I’ve been thinking about food lately. Not the kind you photograph, recommend, or complain about on Instagram.
Just… ordinary meals—the kind you buy, sit down and quietly finish even when something isn’t quite right.
Over the years, I’ve had a handful of these moments. None of them were dramatic, but for some reason they stayed with me. I think I’m only starting to understand why.
The salty lunch I kept eating
When I was a student in Hong Kong, I used to buy lunch outside school. It came in those foam takeaway boxes—usually a main dish swimming in sauce paired with some form of carbs. One day, I had pork chop with spaghetti in cream sauce.
I remember the first bite: it was unbearably salty—the kind of salty that makes you pause, then try again, then start negotiating with yourself. Was it just this bite? Or the entire box? I must have visibly cringed. An adult nearby noticed and told me I should stop eating and ask for an exchange. It sounded reasonable.
But I didn’t stop. At least, not immediately. I remember continuing for a while, forcing it down as if that was the more natural thing to do.
To this day, I don’t quite know why. If it were a faulty electronic device, I would have no hesitation returning it. But food felt… different: more subjective, harder to prove, easier to endure. Or maybe I simply didn’t trust myself enough to say, “This isn’t right.”
The prawn I shouldn’t have eaten
More than twenty years ago, I was having dinner with two female colleagues at a seafood restaurant. We ordered jumbo prawns. At some point, I dropped one.
What happened next was almost instinctive. I picked it up, rinsed it in my bowl of soup, and continued eating. Only after I looked up did I realise what I had just done. They were in shock, and in that instant I felt something shift—not just embarrassment, but a sudden awareness that I had crossed an invisible line.
To me, at that moment, it was simple: the prawn was expensive; it had a shell; it didn’t feel right to waste it. But clearly I had misread the situation.
I’ve never spoken about this to anyone. Yet somehow, the memory stayed.
The Hainanese chicken rice I quietly accepted
Recently, I ordered chicken rice at a hawker stall. The uncle prepared a plate—chicken breast, braised tofu, egg—and passed it to the gentleman in front of me. Then came my turn. My plate came without the tofu. The uncle walked over to that same table, took the plate back, and with his hands moved the tofu onto my plate.
I hesitated. I did protest gently, that someone might have already started eating. He waved it off, assuring me it was untouched. I could have insisted, but I didn’t. Instead, I told myself it was probably fine—that it would be a waste otherwise.
And I ate it.
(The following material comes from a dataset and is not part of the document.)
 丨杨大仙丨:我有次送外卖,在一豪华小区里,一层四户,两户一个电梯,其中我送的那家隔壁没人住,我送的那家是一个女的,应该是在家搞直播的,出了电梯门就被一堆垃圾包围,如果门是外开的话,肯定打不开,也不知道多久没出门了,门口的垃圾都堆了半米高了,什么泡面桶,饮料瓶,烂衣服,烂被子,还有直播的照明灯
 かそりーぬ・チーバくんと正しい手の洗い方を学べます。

Quietly.
The naan that became a scene
At Lau Pa Sat, at one of the many independent stalls, I ordered an Indian set meal. It came with two large naan, fresh from a traditional oven. The underside was heavily charred—not the usual blistering, but something thicker, darker.
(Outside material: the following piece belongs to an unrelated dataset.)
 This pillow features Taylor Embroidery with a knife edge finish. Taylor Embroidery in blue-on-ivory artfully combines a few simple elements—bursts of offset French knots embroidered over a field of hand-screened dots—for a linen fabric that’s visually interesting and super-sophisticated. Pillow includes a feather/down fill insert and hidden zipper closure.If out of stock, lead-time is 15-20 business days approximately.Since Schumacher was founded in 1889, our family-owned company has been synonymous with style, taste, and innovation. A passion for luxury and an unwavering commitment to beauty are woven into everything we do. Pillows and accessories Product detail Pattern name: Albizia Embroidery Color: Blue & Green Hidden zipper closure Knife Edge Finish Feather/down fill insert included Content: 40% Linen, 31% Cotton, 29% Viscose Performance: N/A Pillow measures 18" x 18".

I took the tray back to my seat anyway. My plan was simple: scrape it off. Except it wasn’t. As I tried to remove the char with a spoon, bits of blackened crust started falling everywhere—onto the table, onto the floor, onto my white shirt. What I thought would be a quiet fix slowly turned into something that drew attention. Unnecessary attention.
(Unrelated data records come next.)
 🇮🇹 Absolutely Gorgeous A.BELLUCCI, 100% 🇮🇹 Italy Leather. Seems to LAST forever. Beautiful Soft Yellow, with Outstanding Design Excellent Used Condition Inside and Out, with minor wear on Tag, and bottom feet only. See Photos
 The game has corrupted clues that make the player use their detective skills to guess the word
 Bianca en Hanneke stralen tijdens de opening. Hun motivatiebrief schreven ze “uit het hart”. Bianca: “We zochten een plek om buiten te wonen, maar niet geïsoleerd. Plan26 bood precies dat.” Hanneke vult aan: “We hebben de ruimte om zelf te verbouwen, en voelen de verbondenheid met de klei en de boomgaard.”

At that point, I could still have returned it. Instead, I kept going. And eventually, I ate most of it.
The extra fifty cents
One evening, I bought roasted meat from a hawker stall. $8. Back at my table, as I ate my dinner, I looked up at the signboard. It said $7.50.
As I finished my dinner and was about to leave, I went back. The uncle explained that prices had gone up and that he had given me more meat anyway. It didn’t fully make sense, but I nodded, accepted it, and left.
I could have insisted on a refund. But I didn’t.
I haven’t been back since.
So what’s going on here?
Individually, these moments feel trivial—a salty meal, a dropped prawn, some burnt bread, fifty cents. But together, they form a pattern I can’t ignore.
In each case, I noticed something was off. And in each case, I hesitated—not because I didn’t know, but because I wasn’t sure if it was worth saying.
Maybe it’s not about food
Looking back, I don’t think this is about taste, hygiene, or even money. It feels more like a quiet instinct to keep things… smooth, not to inconvenience others, not to create awkwardness, not to turn a small issue into a bigger one.
So instead, I adjust. I rationalise. I accept. I move on. Most of the time, it works—until it doesn’t, and the moment stays with me longer than it should.
A small experiment
Lately, I’ve been trying something different. Nothing dramatic—just acting a little earlier, before the internal negotiation begins. A simple sentence, said calmly: “I think this might not be quite right.”
No accusation. No escalation. Just… finishing the interaction properly.
Final thought
I don’t think I’ll ever completely lose that instinct to avoid friction. And maybe I shouldn’t. It has served me well in many ways.
Perhaps it’s not about becoming more confrontational—
just a little more willing to trust that noticing something is already enough.